Diagnostic Challenges

Diagnosing intraventricular tumors presents notable complexities due to overlapping imaging features, which can blur the distinctions among tumor types.

Table 3: Differences between Central Neurocytoma and Ependymoma. Differences between Medulloblastoma and Ependymoma.

For instance, both central neurocytomas and subependymomas often appear as well-demarcated masses situated near the foramen of Monro. Differentiating between these entities requires careful analysis of imaging characteristics, such as signal intensities on MRI sequences and the presence of calcifications or cystic components. Similarly, dense enhancement patterns observed in tumors like meningiomas and choroid plexus carcinomas necessitate a comprehensive evaluation of the clinical context, including the patient's age and symptoms, as these factors provide critical diagnostic clues. For example, choroid plexus carcinomas are more common in pediatric patients, whereas meningiomas are typically seen in older adults. Advanced imaging modalities, including diffusion-weighted imaging (DWI), perfusion imaging, and spectroscopy, can offer additional insights but often require expert interpretation.

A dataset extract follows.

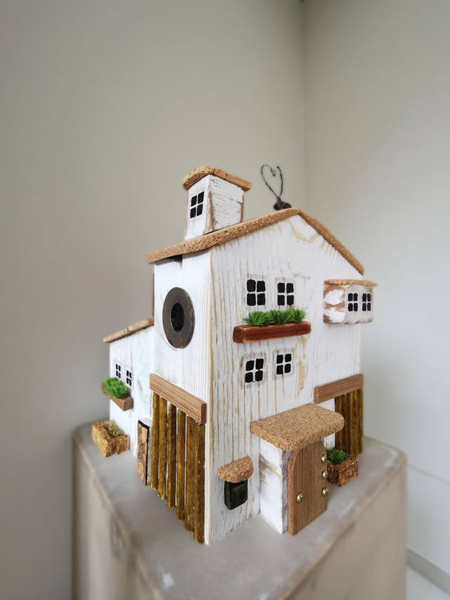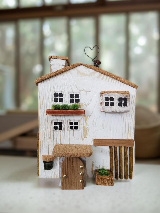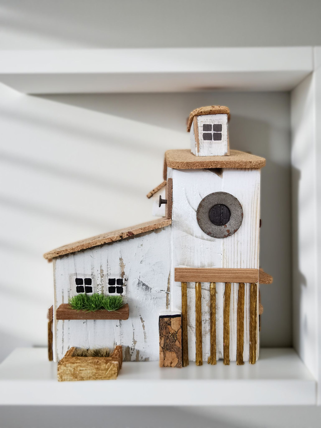 Cette jolie maison décorative est réalisée à la main à partir de bois recyclé et d’éléments naturels. Chaque détail est soigneusement travaillé : petites fenêtres peintes, toit en liège, échelle rustique et touches de verdure pour un charme authentique.

These diagnostic challenges underscore the importance of integrating radiological findings with clinical data to establish a precise diagnosis and guide management strategies effectively.

Management Strategies

The management of intraventricular tumors was individualized, emphasizing a multidisciplinary approach tailored to the specific tumor type, patient demographics, and clinical presentation. Surgical resection emerged as the cornerstone of treatment, particularly for tumors causing significant mass effect or obstructive hydrocephalus, where prompt intervention was necessary to alleviate symptoms and prevent further complications. For benign tumors like subependymomas or central neurocytomas, gross total resection often sufficed, resulting in favorable outcomes. However, for malignant lesions such as glioblastomas or choroid plexus carcinomas, additional modalities like radiotherapy and chemotherapy were indispensable components of the treatment regimen. Radiotherapy was particularly valuable for controlling residual disease post-surgery, while chemotherapy played a role in addressing disseminated or recurrent malignancies. The collaboration between radiologists, neurosurgeons, and oncologists was pivotal in ensuring optimal care. This team-based approach facilitated accurate diagnosis, precise surgical planning, and the integration of adjunctive therapies, ultimately improving patient outcomes. Emerging technologies, such as intraoperative MRI and advanced neuronavigation systems, also enhanced surgical precision, further underscoring the dynamic and evolving nature of intraventricular tumor management.